‘Sloppy thinking leads to sloppy writing’

George Orwell wrote in “Politics and the English Language” in 1946 that our use of the English language “becomes ugly and inaccurate because our thoughts are foolish, but the slovenliness of our language makes it easier for us to have foolish thoughts.” Dennis Dutton provides a couple of examples, and explains why:

Exhibit A: “This book was instigated by the Harvard core curriculum report in 1978 and was intended to respond to what I took to be an ominous educational reform initiative, that without naming it would delegitimate the decisive, if spontaneous, disclosure of the complicity of liberal American institutions of higher learning with the state’s brutal conduct of the war in Vietnam and the consequent call for opening the university to meet the demands by hitherto marginalised constituencies of American society for enfranchisement”.

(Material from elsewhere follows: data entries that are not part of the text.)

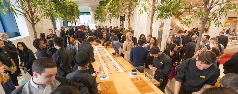 People arrived very early for the opening. In one video, you can see a crowd of people stretched down the city block as Apple employees run out to greet them. The new store employs over a hundred people.
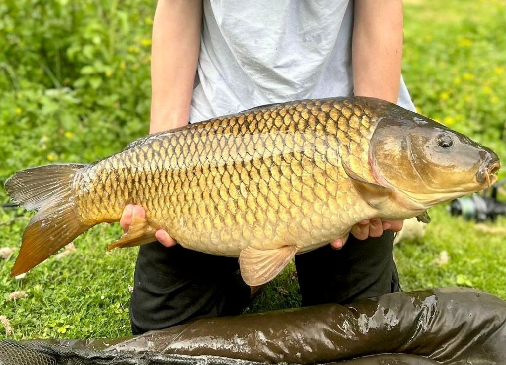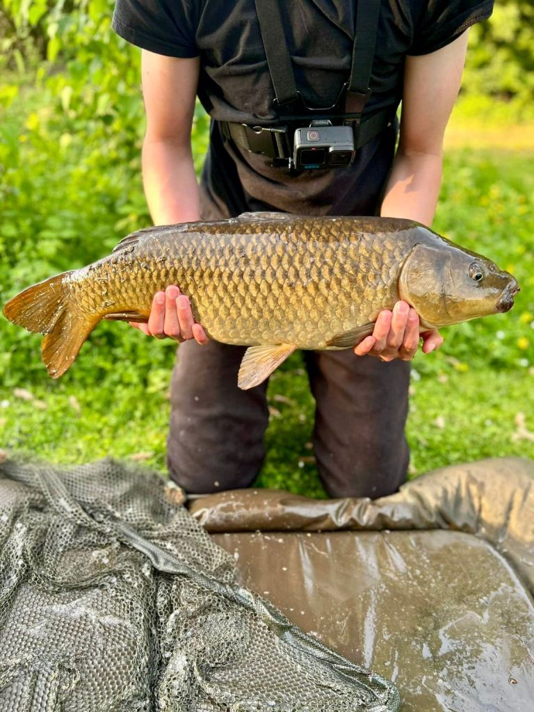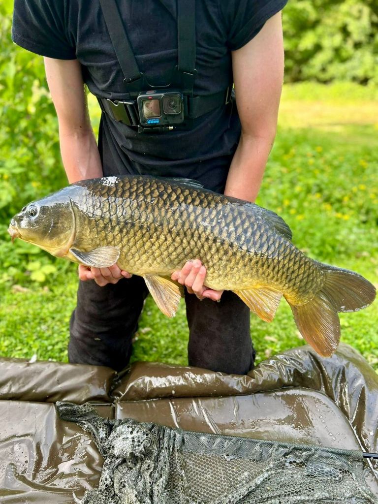 They bagged one of the ‘target fish’ – ‘The Reeve’ – only the second time it has been caught since being put in the lake. Tipping the scales now at 23lb, it has added three pounds in three months. Even allowing for ‘scales rounding’, this is an exceptional weight gain, possibly partially explained by currently carrying some spawn?
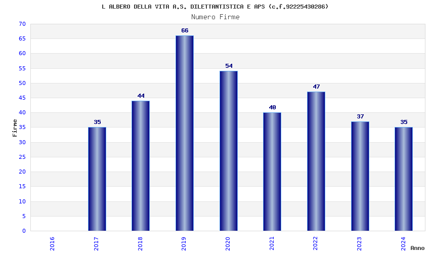 | Anno | Firme | Importi | Media | Naz. | Reg. | Prov. | Comu. |
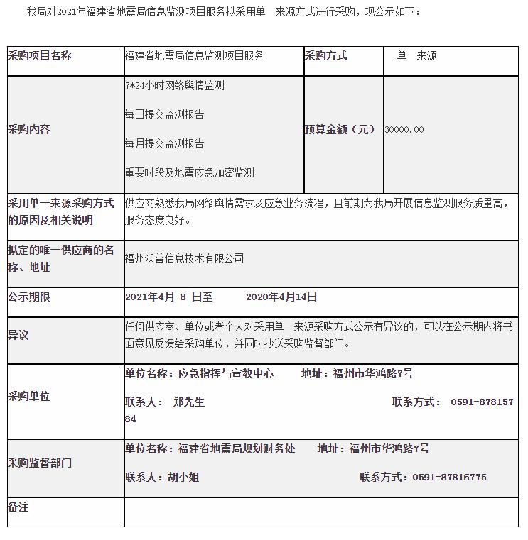 應(yīng)急指揮與宣教中心福建省地震局信息監(jiān)測項目服務(wù)采購公示
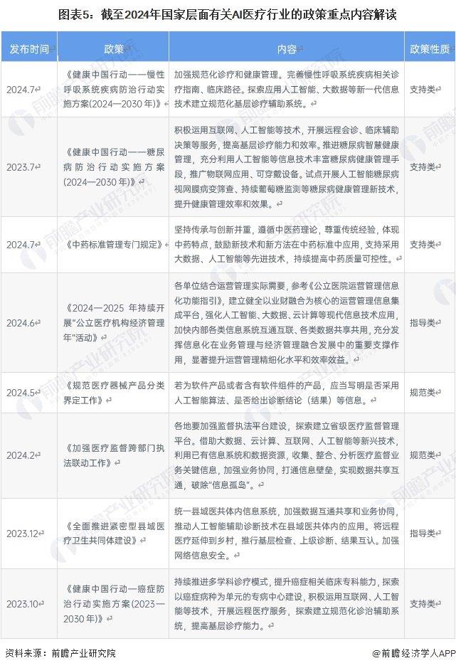 AI医疗是中国医疗行业转型升级的发展重点,为更好地规范和促进中国医疗卫生事业的发展,国家及相关主管部门制定了一系列的支持、指导和规范类政策,旨在完善AI医疗应用标准体系,同时更大力度地探索人工智能辅助诊疗和人工智能远程医疗应用。
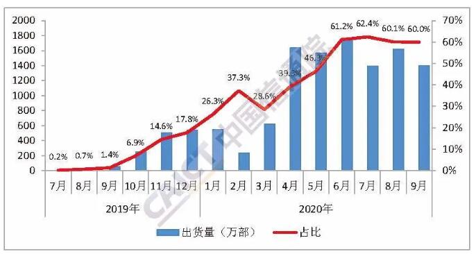 从5G手机的发展情况来看,今年9月,国内市场5G手机出货量1399万部,占同期手机出货量的60%,上市新机型26款,占同期手机上市新机型数量的44.8%。1-9月,国内市场5G手机累计出货量1.08亿部、上市新机型累计167款,占比分别为47.7%和46.5%。这一占比已连续4个月达到60%;此外,上市新机型26款,占同期手机上市新机型数量的44.8%。

Exhibit B: “The move from a structuralist account in which capital is understood to structure social relations in relatively homologous ways, to a view of hegemony in which power relations are subject to repetition, convergence, and the rearticulation, brought the question of temporality into the thinking of structure, and marked a shift from a form of Althusserian theory that takes structural totalities as theoretical objects to one in which the insights into the contingent possibility of structure, inaugurate a renewed conception of hegemony, as bound up with the contingent sites and strategies of the rearticulation of power”.